I tried the GGG thing, but am more versatile than a true top. I make jokes. I dislike being called "mistress." When Loren first called to ask me what to do with his morning wood, I joked that I needed to have a red phone installed for this, like the one used for managing nukes.
I had a long-term relationship after Loren and I parted ways. I felt like I needed to try all the conventional forms of bad dating before I could really say I'd not only bought my ticket, but stayed the socially acceptable time at the fair.
I learned a lot in those two years... some of which I wish I hadn't. I got to know what it felt like to have someone I love call me names, cringe when a man yelled at me, and call a suicide hotline. The guy on the other end assured me I'd date again. I let him know I didn't care about dating at all. Not then.
It was three years before I experienced enjoyable, fun sex
While I lost my virginity at 35, I didn't have sex I found particularly loving, fun, or exciting until I was 38. And actually, I feel lucky there. Many women tell me that it took far longer for them, even though most of my friends started having sex at a "normal" age. My first poly boyfriend, a married man in an open relationship, knew where the G-spot was. He knew a lot of amazing things.
He still knows, in fact, five years later.
He knows more about me every time we sleep together; but he also knows that I like thrift shops and baking elaborate apple pies. He knows how much I treasure every single holiday. He feeds my cat when I'm away taking care of my family.

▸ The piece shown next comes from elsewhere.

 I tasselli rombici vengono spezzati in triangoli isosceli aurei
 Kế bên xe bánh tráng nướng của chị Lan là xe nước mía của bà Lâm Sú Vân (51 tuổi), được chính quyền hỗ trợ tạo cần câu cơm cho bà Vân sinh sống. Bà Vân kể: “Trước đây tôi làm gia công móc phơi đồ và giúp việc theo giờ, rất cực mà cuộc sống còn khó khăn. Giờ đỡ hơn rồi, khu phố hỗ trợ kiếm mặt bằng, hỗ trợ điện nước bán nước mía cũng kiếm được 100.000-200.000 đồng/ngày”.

My sexuality is evolving, just like everyone else's
I've discovered that I like nerdy, introverted guys who inspire me, by their unique mental wiring, to communicate directly. I've appeared on game shows and have 30-plus years of quiz tournaments and bar trivia matches under my belt. Smart men excite me.

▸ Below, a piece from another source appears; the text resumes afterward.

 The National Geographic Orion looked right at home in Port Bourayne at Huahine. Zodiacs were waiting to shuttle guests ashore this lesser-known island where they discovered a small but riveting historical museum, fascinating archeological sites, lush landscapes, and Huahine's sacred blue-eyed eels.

I also lack game. I'd rather just say what I want or need and have the other person explain why those things work... or don't. I love the poly man, but I keep dating. I'd like someone who lives in my house and goes on vacations with me.
But maybe not now. Now, I'm working on a second book and considering other cities I might live in. I travel. I dine out and tell readers about the best places to have arepas or what it's like to watch the setup of Detroit's most beautiful and elaborate masquerade. I gather information. I look for meaning in everything. And I date, but not as a way to create identity.

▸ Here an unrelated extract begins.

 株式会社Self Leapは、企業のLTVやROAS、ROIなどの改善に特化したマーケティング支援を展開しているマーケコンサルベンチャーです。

I've had sex for nine years, but I've known my own mind forever.
A decade later, I now know what I want in a relationship
Last night, I spent two special hours with a man who, as he carefully notes, is not my boyfriend.
We did things I will remember for a very long time. We also held each other and sang "Mack the Knife." We aren't any manner of couple, but I know I will see old movies with him and he will help me decorate gingerbread drag queens this year. Not that everything in life is perfect.
When one recent relationship hit the rocks, I found myself in my mother's room at a nursing home, where she was recovering at 70 from a broken leg. My mother remains formidable; and her decades as a social worker made her a great person to go to for insight.
"Sex and intimacy are not the same thing," she said as I cried in her room like a child. "You need to wait, so that you know which you're being offered."
Nine years in, this advice governs my attempts at relationships. Sex remains joyful, mysterious, and strange. I like it and do it. Intimacy continues to elude me, though not universally. When I spend a rare night with my poly guy, and he holds me with his whole body, draping one long leg over my hip, I see that these things sometimes happen together; and when they do, it's beautiful and good.
I almost never think about my first time anymore. But I do think about a future with love, where there's intimacy and sex and a shared life. "We all want that," Stephen told me. Maybe not all of us, I suspect. But me? Yes, please.